She turns off the heat and reaches for a plate in the cupboard. “I think you should go down to this clinic that helps people who have people in their lives that are struggling with drugs.”
“Where is it?”
She sets the plate down on the counter and begins piling the pancakes on it with the spatula. “Down on the east side of town.”
“Okay, maybe I’ll drive down there tomorrow,” I tell her, figuring it can’t hurt. “Do I need an appointment or something?”
“I’ll give you the information after we eat.” She sets the spatula down on the counter. “Completely off the subject, but do you want me to cook some bacon and eggs with these pancakes?”
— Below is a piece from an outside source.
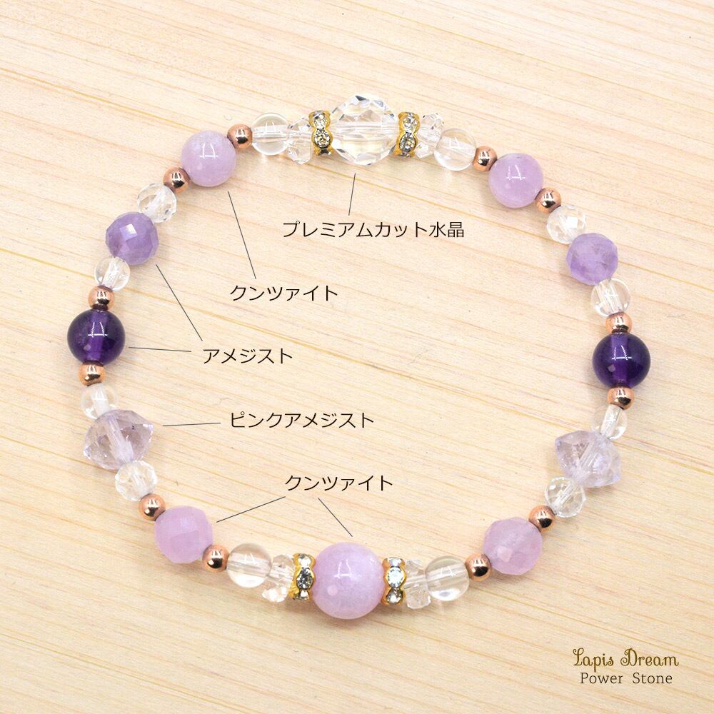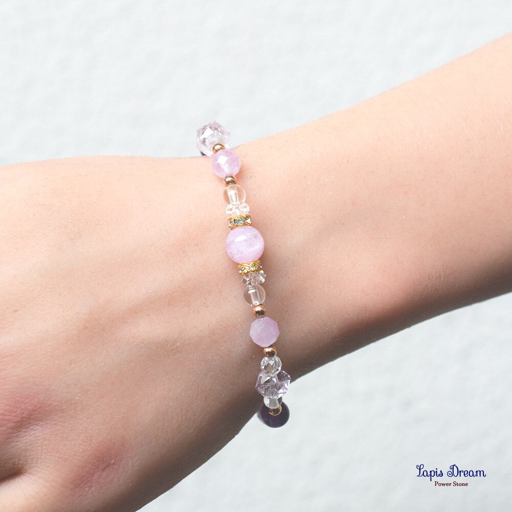 「愛と慈悲の象徴」と言われるクンツァイトをメインに、「愛の守護石」の石言葉を持つアメジストを組み合わせて、愛に満ちたパワーストーン ブレスレットを制作しました。
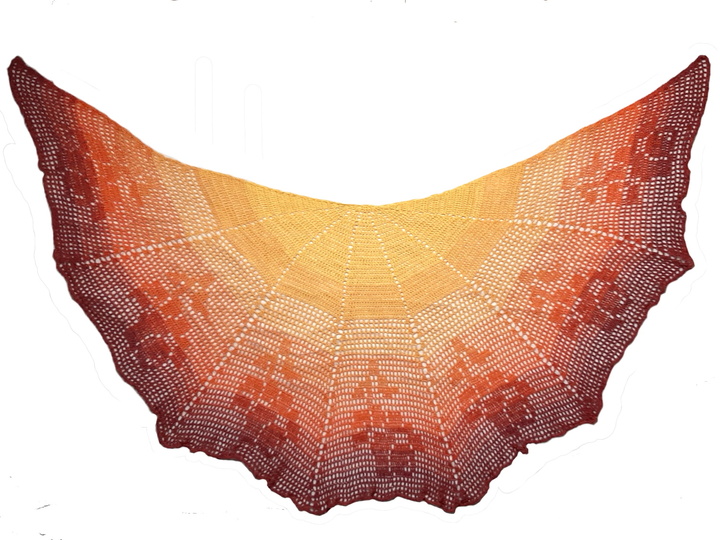 Laß es Rosen regnen! Das halbrunde Motivtuch mit Rosen startet mittig in der oberen Kante mit Stäbchen und wird später in Filettechnik in Hin- und Rückreihen fortgesetzt. Das Rosenmotiv wird jeweils 1x in jedem der sieben Abschnitte gehäkelt. Somit trägst Du einen Strauß mit 7 Rosen um Deine Schultern.

I force a grin and just trying to be happy makes it feel almost real. “Bacon sounds good…God, it’s like I have my own little housewife, cooking dinner for me.”
“That means you need to be a good little wife and go bring in the bacon.” She snaps her fingers and points at the fridge. “It’s in there in the bottom drawer.”
I get up from the stool and cook the bacon while she washes up the pan and bowl she used to make the pancakes. Then we sit down and eat at the table and it’s so normal. By the time we’re done I feel a little better and it worries me because feeling better allows me to realize just how down I was. I wonder how far is too far. How far do I allow myself to sink to get to Quinton?
Chapter 8
Nova
May 20, day five of summer break
I wake up the next morning and watch Landon’s video while Lea takes a shower, because I don’t want her to know I’m doing it, worried she’ll worry more about me. I hate that I watch it, but I can’t help it. Something about studying it makes me feel like I’m going be able to help Quinton not come to that point. Like if I watch it enough, I’ll see something I didn’t see before. But I still haven’t figured out what that is yet.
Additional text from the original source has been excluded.